N’en déplaisent aux nouveaux régents, aux affamés de pouvoir, aux falsificateurs, aux blanchisseurs, aux rêveurs innocents et naïfs, aux manipulés stupides et aux suiveurs imbéciles, le spectacle de cette comédie révolutionnaire est désastreux et d’une piètre qualité. La situation en Tunisie, quoi qu’on ait dit et prétendu, n’était pas aussi catastrophique et même s’il y avait du chemin à faire en matière de liberté, un travail mieux élaboré en matière de développement régional et des efforts à consentir pour un partage équitable des richesses, il y avait des cerveaux qui pensaient notre Tunisie, qui dessinaient son progrès économique et social et qui œuvraient pour consolider ses acquis de modernité, de progrès , d’éducation et de santé.
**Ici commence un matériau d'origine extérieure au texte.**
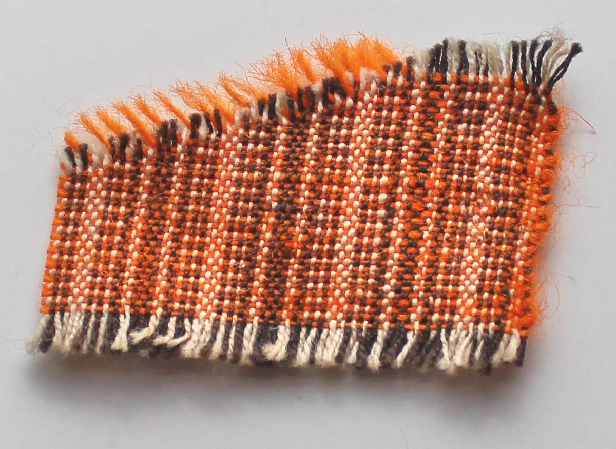 Vefnaður (sýnishorn). Ofið úr ull og bómullarþráðum. Litir: appelsínugulur, hvítur og brúnn (röndótt). Mislangar hliðar 4,6 x 3,2 cm.

Les lauriers ne fleurissent jamais l’hiver et la conspiration n’est qu’une tromperie pour redistribuer les cartes, récompenser les vainqueurs respectueux des règles pour ce jeu truqué et accabler les vaincus récalcitrants aux ordres et à la stratégie prédéfinie. Eh oui le réveil est douloureux, la vérité est amère et les tunisiens découvrent médusés que le printemps ne vient jamais en Janvier et que l’emballage achalandé ne vaut en rien le contenu proposé et vanté. La brise de dignité, de travail, de justice et de prospérité qui devait souffler sur le « Printemps » tunisien s’ est transformé en typhon dévastateur , violent et emmenant dans son sillage ses épidémie d’inculture, d’ignorance , de médiocrité , de terrorisme et de séparatisme.